It's called fixed overhead. All those costs have to be included in the cost of raising livestock. Even if you can only prorate it for the portion of the land used for the operation. Even a date with your wife. Especially if you discuss marketing and production strategy. 

The difference between a hobby and a business is are you TRYING to earn a profit.


----------



## Twobottom (Sep 29, 2013)

farmerj said:


> It's called fixed overhead. All those costs have to be included in the cost of raising livestock. Even if you can only prorate it for the portion of the land used for the operation. Even a date with your wife. Especially if you discuss marketing and production strategy.
> 
> The difference between a hobby and a business is are you TRYING to earn a profit.


Yes but a profit is the difference between the cost OF THAT BUSINESS, and the income OF THAT BUSINESS. A date with your wife is not a business cost. Neither is cable television. Those are your living costs.


----------



## unregistered168043 (Sep 9, 2011)

Twobottom said:


> Wow, you are really confused. No wonder you can't make a profit!
> 
> Sure I have a tractor, I don't take my wife to dinner in it but it does about 30 different jobs. Its utility in my little sheep operation is minimal. If you really wanted to deduct the cost of that tractor from my sheep endeavor, you'd have to divide the value of the use of that tractor among every other job its used for. Then you'd have to estimate the depreciation of that tractor and assign some portion of it to its use in cutting hay for the sheep. How much depreciation is caused by my cutting 200 bales per year? Not too much.
> 
> ...



You are 100% correct. Alot of people don't understand how to calculate actual profit. Farmers are infamous for this they count their homes as a business expense and then can't understand why they can't make money!

Nobody lives for free.


----------



## Twobottom (Sep 29, 2013)

A legitimate business cost is a cost that would not be incurred otherwise. 


I wear shoes.
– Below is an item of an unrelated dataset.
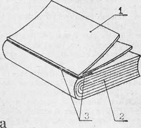 Мелкой наждачной бумагой обрабатывают корешок книжного блока, удаляя с него остатки бумажной обложки (до клеевого слоя) или создавая гладкую поверхность корешка, если речь идет о листовом материале. Ножовкой с мелкими зубьями (удобно пользоваться шлицовкой) пропиливают пазы в корешке блока под углом 45° к его основанию на глубину 3–4 мм. Пазы — парные типа «ласточкин хвост» распределены по корешку равномерно (рис. 9). Обычно 3–4 пар пазов бывает достаточно. Расстояние между пазами пары по корешку не превышает 25–30 мм, а крайние пропилы должны отстоять от верхнего и нижнего обрезов блока не менее чем на 15 мм. Обмотку «ласточкиных хвостов» начинают с паза 1 первой пары пропилов. Обмотку ведут прочной нитью (лучше капроновой), укладывая ее виток к витку с достаточным натягом (всего нужно 2–3 витка). Не обрывая нити, делают столько же внтков, используя вторую пару пропилов, и т. д. В последнюю пару пазов укладывают на 1–2 витка больше, чем в предыдущие, и, не обрывая нити (она уже будет проходить по противоположной стороне книжного блока), возвращаются к первой паре пазов, поочередно наматывая на каждый «ласточкин хвост» блока по 1–2 витка. Конец и начало нити, находящиеся в пазе 1, завязывают узлом, стараясь, чтобы он оказался внутри паза. Остается проклеить корешок блока, следя за тем, чтобы клей попал в пазы и хорошо пропитал нити, находящиеся в них. Если пазы получились слишком широкими, в них закладывают отрезки пропитанной клеем пеньковой или хлопчатобумажной бечевки (шнура), обеспечивая надежность корешка блока. Опыт переплетчиков-любителей и самих авторов показал, что подобные книги раскрываются лучше, чем шитые втачку. К готовому книжному блоку необходимо приклеить форзацы, без которых нельзя соединить блок с крышками переплета. Форзацы приклеивают к первому листу первой и последнему листу последней тетради блока. Заметим, что форзацы должны иметь долевой раскрой, то есть долевое направление волокон бумаги форзаца должно совпадать с его корешковым сгибом. Для определения направления волокон смачивают водой небольшой участок бумаги: в долевом направлении бумага мало деформируется, а в поперечном становится волнистой. В современных книгах применяют три типа форзацев. Чаще всего встречается приклейной форзац (рис. 10, а), представляющий собой сложенный вдвое лист бумаги. Высота форзаца равна высоте блока книги, а ширина — двойной ширине тетради блока. Для присоединения форзацев к тетрадям вдоль корешкового сгиба форзаца наносят полоску клея шириной 3–4 мм и приклеивают к корешковому полю соответствующей тетради так, чтобы сгиб форзаца был вровень с корешковым полем тетради или корешковым обрезом блока книги. Если же последовать совету многих пособий по переплетному делу и присоединить форзац на расстоянии 3–4 мм от корешка блока, то после вставки блока в переплетные крышки, форзац может оказаться разорванным при первом же открывании книги! В книгах большого объема используются приклейной форзац с окантовкой, которая увеличивает прочность приклейного форзаца (рис. 10, б). В этом случае после приклейки форзаца к тетради блока корешковая часть тетради окантовывается полоской ткани или прочной бумаги шириной около 15 мм, густо смазанной клеем. Полоска окантовочного материала приклеивается так, чтобы она на 3–4 мм одним своим крае

I need them no matter what I do to protect my feet from the elements. If I'm wearing them while pushing sheep they don't become a business cost. They are not a cost specifically incurred by my sheep operation.


----------



## farmerj (Aug 20, 2011)

Yes, they do become a business cost. They are work clothes.

I buy a heavy winter coat, it's a business cost. Jut like hat and gloves. I justify it because I have to wear them on a dock because I run a reefer. No difference for you and boots.
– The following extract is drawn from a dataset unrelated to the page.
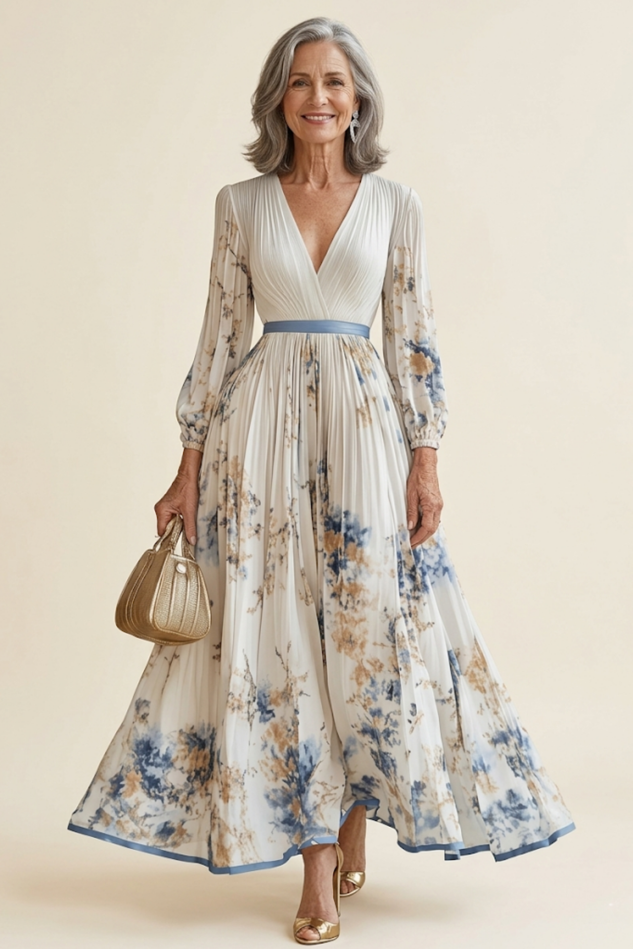 Teresa | White Floral Chiffon Balloon Sleeve Maxi Dress

It's having a business mentality


----------



## Bret (Oct 3, 2003)

I think fish are pretty good at feed conversion. I just can't keep'em fenced in. Come to think of it, I've had to put my cows back a time or two.


----------



## haypoint (Oct 4, 2006)

Hands down, the most profitable livestock is chickens. Tyson has made millions.


----------



## Alaska (Jun 16, 2012)

Well I am an extremely new cattle rancher. LOL we now have 7 head. I like the fact that even when the grass is scarce we can put out a round bale have a good water source and almost forget the cattle are there. It seems most other livestock need much more care. I hope we start breaking even on our cost within the next year.
And I love grass fed beef!


----------



## francismilker (Jan 12, 2006)

A wise man once said, "A farmer is the only business man in America that buys at retail, sells at wholesale, and pays the freight both ways."!!!!!!!
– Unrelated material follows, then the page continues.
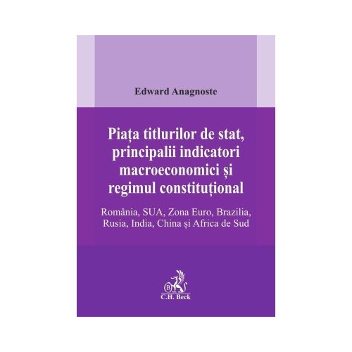 Cu un limbaj accesibil lucrarea se adreseaza atat persoanelor care doresc sa aprofundeze subiectul tratat cat si profesionistilor putand fi un instrument util pentru judecatori avocati auditori din cadrul Curtii de Conturi specialisti din institutii publice si din administratia publica centrala si locala operatori economici precum si pentru persoanele care doresc sa investeasca in titluri de stat. Din cuprins Piata titlurilor de stat principalii indicatori macroeconomici si regimul constitutional din Romania Piata titlurilor de stat din SUA Piata titlurilor de stat din Zona Euro Piata titlurilor de stat din BRICS Brazilia Rusia India China si Africa de Sud reforma fiscal-bugetara Legea nr. 296 2023 comentata si adnotata analiza celor trei elemente piata titlurilor de stat principalii indicatori macroeconomici si regimul constitutional pentru fiecare dintre cele 27 de state analizate respectiv Romania SUA cele 20 de state membre ale Zonei Euro Franta Germania Spania Italia etc. statele fondatoare BRICS Brazilia Rusia India China Africa de Sud analiza principalilor indicatori macroeconomici se refera la deficit datorie publica PIB inclusiv PIB-ul pe cap de locuitor inflatie rating de tara propuneri de proiecte de investitii si mixuri investitionale date aferente principalelor organisme internationale inclusiv ale Bancii Mondiale . Puncte forte analiza riguroasa a pietelor titlurilor de stat a principalilor indicatori macroeconomici si a regimului constitutional din Romania SUA Zona Euro Brazilia Rusia India China si Africa de Sud interpretari si clarificari ale dezbaterilor din doctrina caracter interdisciplinar ample referinte bibliografice Despre autor Edward ANAGNOSTE este consilier juridic in cadrul Ministerului Investitiilor si Proiectelor Europene si expert electoral in cadrul Corpului Expertilor Electorali Autoritatea Electorala Permanenta.

So................this is my answer to the OP's question. There AINT no money in farmin'........imho. It's a way of life that you live to love. It's a glorified hobby for me that has treated me well for my whole life.


----------



## dlskidmore (Apr 18, 2012)

If I wanted to make a lot of money I'd be more ambitious about promotions at my desk job, but that doesn't mean it is not worth looking at the relative benefits of various enterprises in my second job. Now around here dairy is profitable, but I don't want that lifestyle so I don't do it. Pick your lifestyle, then see which enterprises fit within that.


----------



## cedarcreekranch (Nov 24, 2010)

I have cattle, goats, pigs, and horses. Make a little money now and then on horses - note I say NOW AND THEN! ;-) Goats - I had a pretty good sized herd of boer x, they cleared my brush but died on a regular basis. Worms the big problem here where I live and hard to keep them going. Now I have a few Nigerians for 'fun', sell the kids as bottle babies and they pay their own way. Cattle - high start up costs, equipment is high, long time til any return. I love mine, they do okay for me but what consistently pays the feed bill for EVERYTHING else are the pigs! Registered stock makes good money but can't sell them all that way so we sell 'heritage' pork by the cut or by the carcass or on the hoof. People pay well for a good product and it is that. It works for me so I can say, they are the most profitable for me. Everyone has to figure their own expenses, what they want, how much work they want to put into something.


----------



## HerseyMI (Jul 22, 2012)

So Twobottom, how much do you PAY in taxes since you profited over a grand on six sheep. Wow, just think how much you can profit with 100 sheep! Twobottom.... you are hilarious!


----------



## Twobottom (Sep 29, 2013)

farmerj said:


> Yes, they do become a business cost. They are work clothes.
> 
> I buy a heavy winter coat, it's a business cost. Jut like hat and gloves. I justify it because I have to wear them on a dock because I run a reefer. No difference for you and boots.
> 
> It's having a business mentality


I don't doubt that you can pass those off as "business expenses" on your tax return. The IRS may overlook things or give people the benefit of the doubt, its not a perfect system. Many family dinners get passed off as business expenses. But for your own tally, you have to at least understand how much an enterprise is actually costing you in and of itself.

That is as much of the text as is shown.